──────── Dataset excerpt

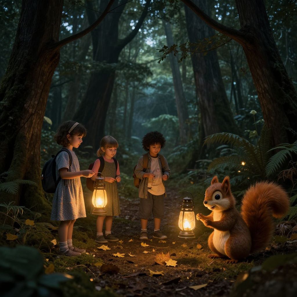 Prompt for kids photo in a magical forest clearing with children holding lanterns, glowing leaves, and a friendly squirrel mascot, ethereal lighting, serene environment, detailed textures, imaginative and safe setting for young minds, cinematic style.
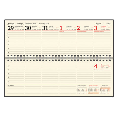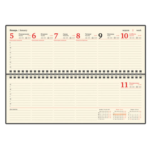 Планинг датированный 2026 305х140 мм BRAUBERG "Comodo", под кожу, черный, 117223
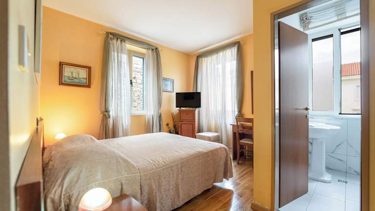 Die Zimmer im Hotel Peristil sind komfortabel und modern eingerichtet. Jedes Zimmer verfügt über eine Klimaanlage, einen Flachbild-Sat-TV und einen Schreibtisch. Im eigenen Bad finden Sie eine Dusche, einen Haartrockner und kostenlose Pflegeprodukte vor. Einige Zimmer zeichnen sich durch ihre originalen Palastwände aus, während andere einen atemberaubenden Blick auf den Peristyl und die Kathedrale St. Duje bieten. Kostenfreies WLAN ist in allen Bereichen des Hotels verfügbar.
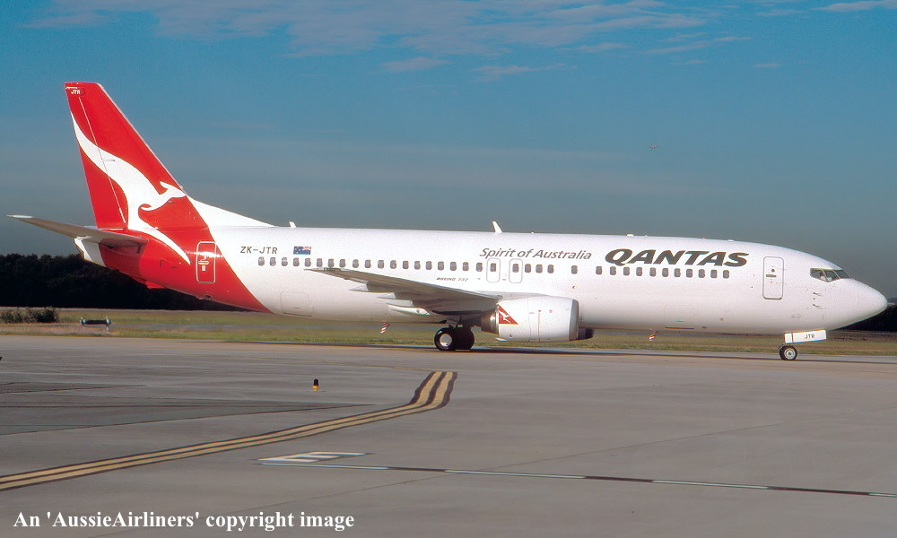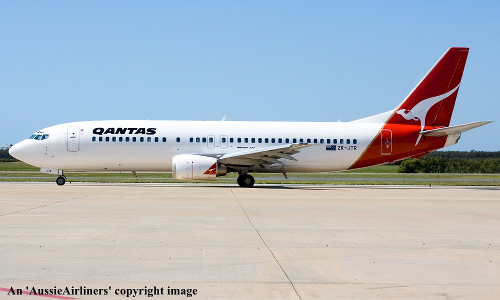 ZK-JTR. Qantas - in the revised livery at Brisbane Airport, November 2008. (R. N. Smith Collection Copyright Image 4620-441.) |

────────────────

*What to do*.
Write out an exact reproduction of the lines from the line that holds "Die Zimmer im" to the bottom of the listing above, both ends included. Exclude pictures.

*Completed task*.
 Die Zimmer im Hotel Peristil sind komfortabel und modern eingerichtet. Jedes Zimmer verfügt über eine Klimaanlage, einen Flachbild-Sat-TV und einen Schreibtisch. Im eigenen Bad finden Sie eine Dusche, einen Haartrockner und kostenlose Pflegeprodukte vor. Einige Zimmer zeichnen sich durch ihre originalen Palastwände aus, während andere einen atemberaubenden Blick auf den Peristyl und die Kathedrale St. Duje bieten. Kostenfreies WLAN ist in allen Bereichen des Hotels verfügbar.
 ZK-JTR. Qantas - in the revised livery at Brisbane Airport, November 2008. (R. N. Smith Collection Copyright Image 4620-441.) |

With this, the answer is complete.